- RECORDS SUPPLIED

##########

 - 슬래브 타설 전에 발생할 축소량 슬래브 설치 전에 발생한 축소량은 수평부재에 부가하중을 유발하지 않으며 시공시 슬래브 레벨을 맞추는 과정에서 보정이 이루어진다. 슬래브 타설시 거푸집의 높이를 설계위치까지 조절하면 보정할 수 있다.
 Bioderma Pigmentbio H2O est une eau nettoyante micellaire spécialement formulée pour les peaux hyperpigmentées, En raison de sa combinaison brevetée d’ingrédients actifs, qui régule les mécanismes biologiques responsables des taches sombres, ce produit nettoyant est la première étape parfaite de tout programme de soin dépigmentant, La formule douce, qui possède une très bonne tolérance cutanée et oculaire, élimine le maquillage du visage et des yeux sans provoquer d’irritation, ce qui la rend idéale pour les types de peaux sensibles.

##########

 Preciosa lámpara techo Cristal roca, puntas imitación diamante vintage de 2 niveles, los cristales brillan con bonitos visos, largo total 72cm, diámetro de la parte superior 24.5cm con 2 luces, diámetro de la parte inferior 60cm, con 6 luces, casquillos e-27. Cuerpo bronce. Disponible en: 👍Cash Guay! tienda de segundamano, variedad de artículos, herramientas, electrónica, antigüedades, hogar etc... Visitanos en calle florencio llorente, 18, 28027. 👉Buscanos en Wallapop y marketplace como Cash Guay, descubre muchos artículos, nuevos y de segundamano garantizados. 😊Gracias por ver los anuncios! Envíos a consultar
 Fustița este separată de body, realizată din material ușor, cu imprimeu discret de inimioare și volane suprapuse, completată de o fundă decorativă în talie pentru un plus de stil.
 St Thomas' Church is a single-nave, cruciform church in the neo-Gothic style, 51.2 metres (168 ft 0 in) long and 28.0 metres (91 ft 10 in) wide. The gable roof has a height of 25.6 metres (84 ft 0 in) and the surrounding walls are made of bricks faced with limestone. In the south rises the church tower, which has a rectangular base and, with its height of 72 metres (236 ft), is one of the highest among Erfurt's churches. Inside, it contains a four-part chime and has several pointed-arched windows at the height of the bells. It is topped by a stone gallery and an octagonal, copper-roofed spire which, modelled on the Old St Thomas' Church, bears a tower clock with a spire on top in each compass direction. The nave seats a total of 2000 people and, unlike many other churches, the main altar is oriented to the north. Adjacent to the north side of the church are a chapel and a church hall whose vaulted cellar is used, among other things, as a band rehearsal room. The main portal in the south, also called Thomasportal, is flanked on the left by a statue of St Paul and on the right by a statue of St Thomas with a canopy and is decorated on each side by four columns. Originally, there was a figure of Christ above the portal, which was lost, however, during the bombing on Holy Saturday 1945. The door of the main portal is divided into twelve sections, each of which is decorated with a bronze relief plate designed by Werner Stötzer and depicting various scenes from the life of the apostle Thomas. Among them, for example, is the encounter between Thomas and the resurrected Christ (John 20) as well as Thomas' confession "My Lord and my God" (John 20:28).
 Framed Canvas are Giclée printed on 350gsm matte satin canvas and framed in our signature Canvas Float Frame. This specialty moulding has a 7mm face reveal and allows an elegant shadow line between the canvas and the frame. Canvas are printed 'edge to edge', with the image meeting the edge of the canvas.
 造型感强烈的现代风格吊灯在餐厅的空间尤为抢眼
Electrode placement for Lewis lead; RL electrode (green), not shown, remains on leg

##########

- WHAT IS EXPECTED
Within the material above, copy exactly the lines from the line that holds "Preciosa lámpara techo" up to and including the line that holds "Fustița este separată".

- SOLUTION TO THIS TASK
 Preciosa lámpara techo Cristal roca, puntas imitación diamante vintage de 2 niveles, los cristales brillan con bonitos visos, largo total 72cm, diámetro de la parte superior 24.5cm con 2 luces, diámetro de la parte inferior 60cm, con 6 luces, casquillos e-27. Cuerpo bronce. Disponible en: 👍Cash Guay! tienda de segundamano, variedad de artículos, herramientas, electrónica, antigüedades, hogar etc... Visitanos en calle florencio llorente, 18, 28027. 👉Buscanos en Wallapop y marketplace como Cash Guay, descubre muchos artículos, nuevos y de segundamano garantizados. 😊Gracias por ver los anuncios! Envíos a consultar
 Fustița este separată de body, realizată din material ușor, cu imprimeu discret de inimioare și volane suprapuse, completată de o fundă decorativă în talie pentru un plus de stil.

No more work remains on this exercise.